Problem requirements: Below are some records. Write out exactly their lines from the one with "Szkoła Podstawowa im." through the one with "Cuves et réservoirs industriels", and leave the pictures behind.
=== Excerpted records ===
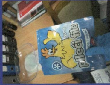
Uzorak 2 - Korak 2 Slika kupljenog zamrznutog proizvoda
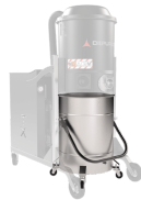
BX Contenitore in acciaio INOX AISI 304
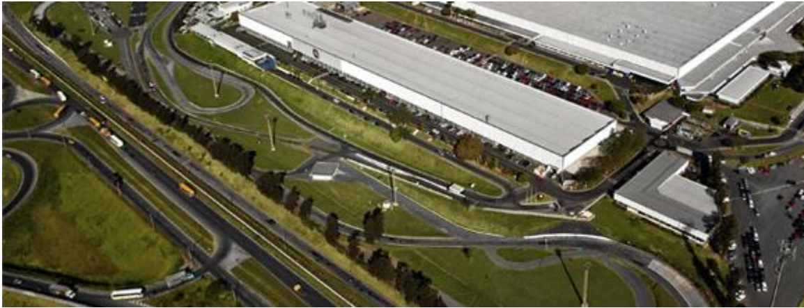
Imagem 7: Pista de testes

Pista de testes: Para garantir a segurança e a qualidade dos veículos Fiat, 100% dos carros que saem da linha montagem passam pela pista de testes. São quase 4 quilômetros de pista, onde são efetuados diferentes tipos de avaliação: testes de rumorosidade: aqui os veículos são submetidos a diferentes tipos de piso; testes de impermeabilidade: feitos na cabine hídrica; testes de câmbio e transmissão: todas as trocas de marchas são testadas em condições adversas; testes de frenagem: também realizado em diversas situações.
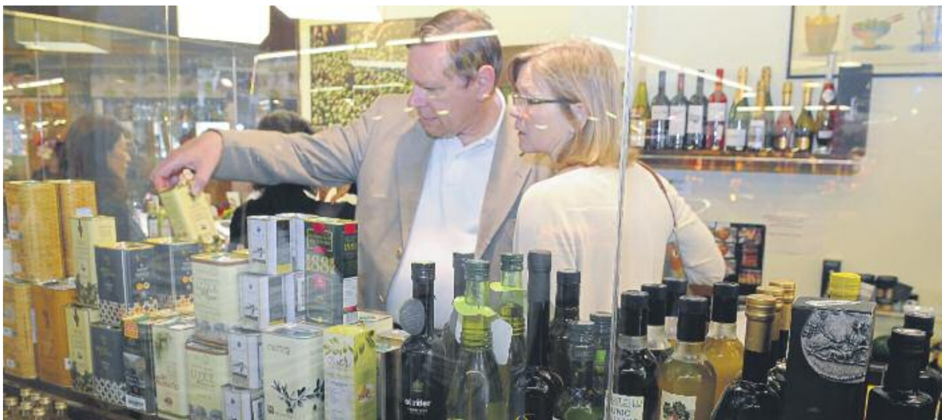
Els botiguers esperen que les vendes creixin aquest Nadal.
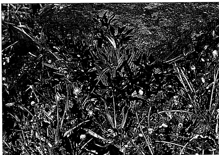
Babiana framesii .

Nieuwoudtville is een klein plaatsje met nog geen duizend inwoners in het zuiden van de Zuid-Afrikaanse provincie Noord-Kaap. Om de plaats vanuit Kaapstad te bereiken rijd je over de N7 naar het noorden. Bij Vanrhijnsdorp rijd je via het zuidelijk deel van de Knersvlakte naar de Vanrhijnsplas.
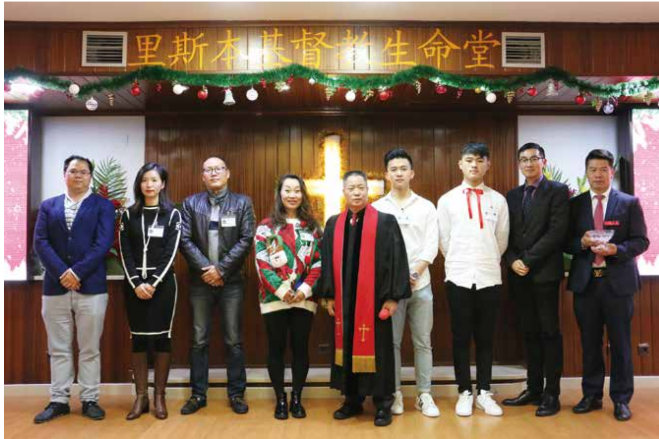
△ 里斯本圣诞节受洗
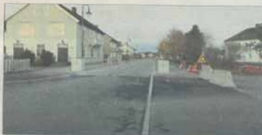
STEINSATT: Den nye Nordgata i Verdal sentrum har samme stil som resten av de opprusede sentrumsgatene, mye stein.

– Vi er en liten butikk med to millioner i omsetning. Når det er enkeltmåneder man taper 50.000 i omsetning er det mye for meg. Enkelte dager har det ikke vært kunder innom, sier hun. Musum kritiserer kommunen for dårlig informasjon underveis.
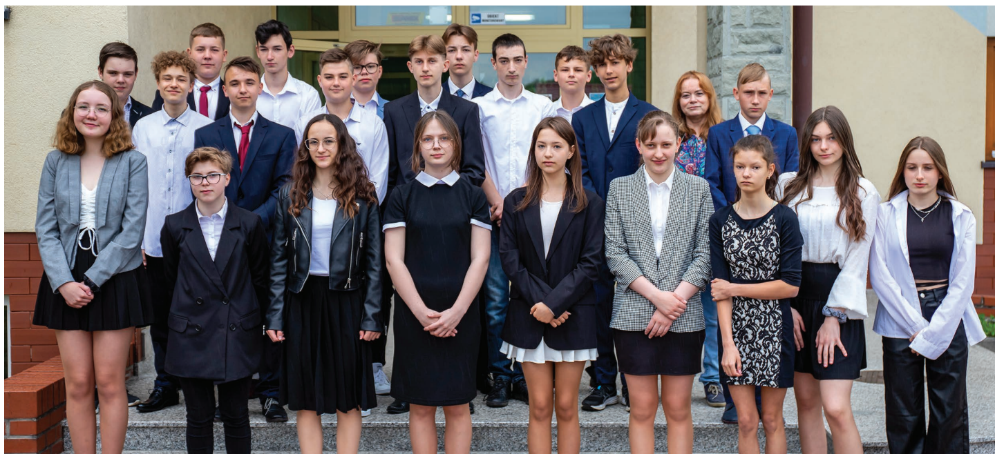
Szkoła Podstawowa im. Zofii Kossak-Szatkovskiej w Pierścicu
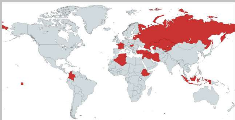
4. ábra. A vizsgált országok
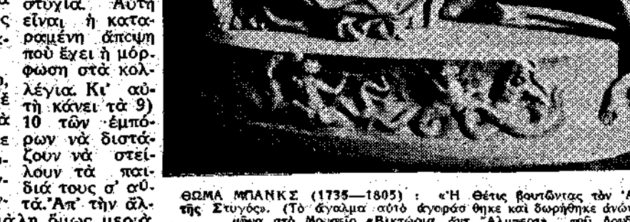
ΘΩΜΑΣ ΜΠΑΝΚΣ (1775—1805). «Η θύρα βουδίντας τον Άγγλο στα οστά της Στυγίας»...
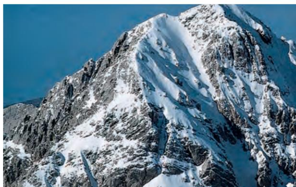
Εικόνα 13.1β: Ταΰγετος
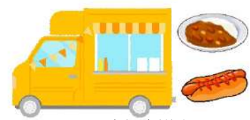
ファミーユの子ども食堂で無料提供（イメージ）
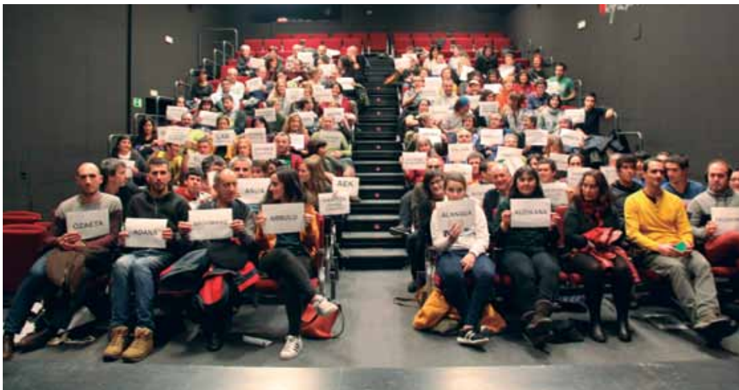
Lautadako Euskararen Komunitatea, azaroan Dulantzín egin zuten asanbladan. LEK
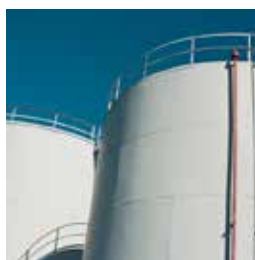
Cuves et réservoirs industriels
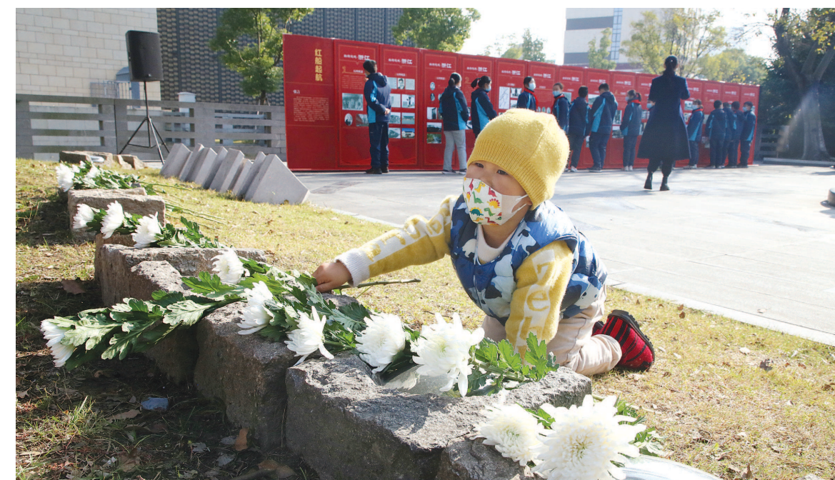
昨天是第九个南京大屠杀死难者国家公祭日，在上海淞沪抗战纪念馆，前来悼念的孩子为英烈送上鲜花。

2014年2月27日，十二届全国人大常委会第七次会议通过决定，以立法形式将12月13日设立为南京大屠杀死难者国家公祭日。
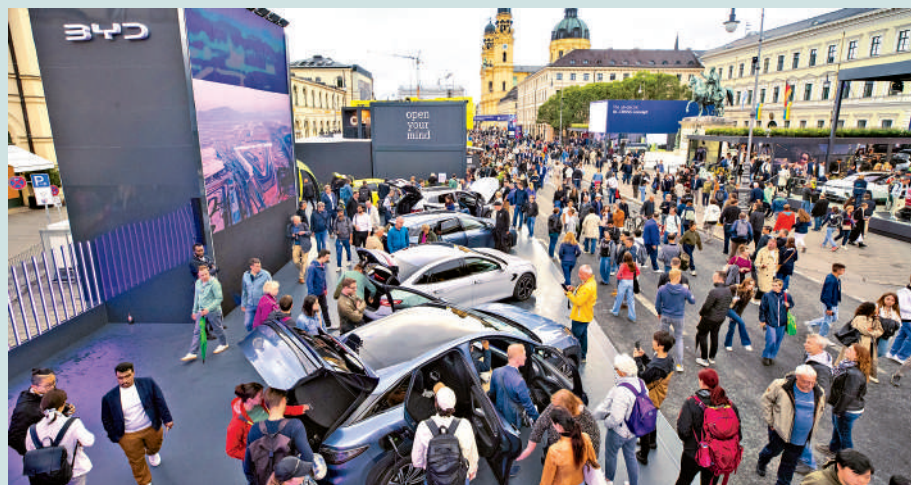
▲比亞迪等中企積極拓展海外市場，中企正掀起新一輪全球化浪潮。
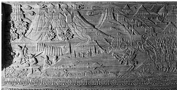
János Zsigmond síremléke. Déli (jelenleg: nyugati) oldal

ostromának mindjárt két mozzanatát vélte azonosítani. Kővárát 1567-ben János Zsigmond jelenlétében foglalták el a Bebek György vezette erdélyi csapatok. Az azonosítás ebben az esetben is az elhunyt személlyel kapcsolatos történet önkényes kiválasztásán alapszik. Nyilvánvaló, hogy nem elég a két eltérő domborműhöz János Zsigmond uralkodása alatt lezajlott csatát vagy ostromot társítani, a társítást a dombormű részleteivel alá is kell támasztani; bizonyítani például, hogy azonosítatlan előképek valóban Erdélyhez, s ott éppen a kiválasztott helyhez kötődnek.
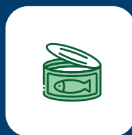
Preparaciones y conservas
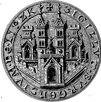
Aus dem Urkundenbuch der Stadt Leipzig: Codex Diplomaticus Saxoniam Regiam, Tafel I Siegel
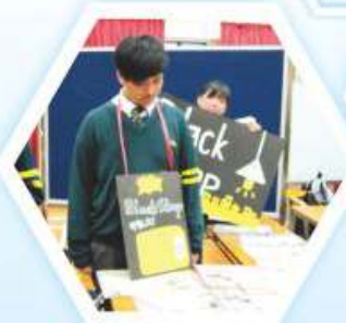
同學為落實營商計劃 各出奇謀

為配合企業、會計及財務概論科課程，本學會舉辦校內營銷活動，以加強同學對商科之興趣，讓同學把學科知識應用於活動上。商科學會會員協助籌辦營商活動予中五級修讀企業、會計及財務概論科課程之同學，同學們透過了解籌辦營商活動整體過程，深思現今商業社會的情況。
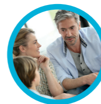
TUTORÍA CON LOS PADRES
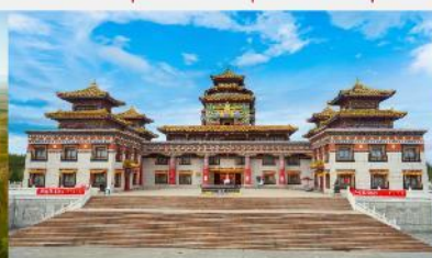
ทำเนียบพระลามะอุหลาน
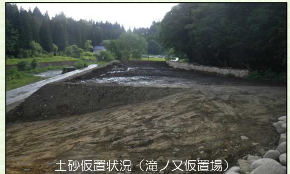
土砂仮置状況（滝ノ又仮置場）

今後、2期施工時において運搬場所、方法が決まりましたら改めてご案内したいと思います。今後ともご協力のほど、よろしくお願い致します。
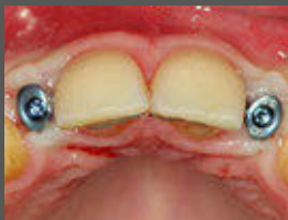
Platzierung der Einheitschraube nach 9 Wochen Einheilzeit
===
Solution to this exercise:
Szkoła Podstawowa im. Zofii Kossak-Szatkovskiej w Pierścicu
4. ábra. A vizsgált országok
ΘΩΜΑΣ ΜΠΑΝΚΣ (1775—1805). «Η θύρα βουδίντας τον Άγγλο στα οστά της Στυγίας»...
Εικόνα 13.1β: Ταΰγετος
ファミーユの子ども食堂で無料提供（イメージ）
Lautadako Euskararen Komunitatea, azaroan Dulantzín egin zuten asanbladan. LEK
Cuves et réservoirs industriels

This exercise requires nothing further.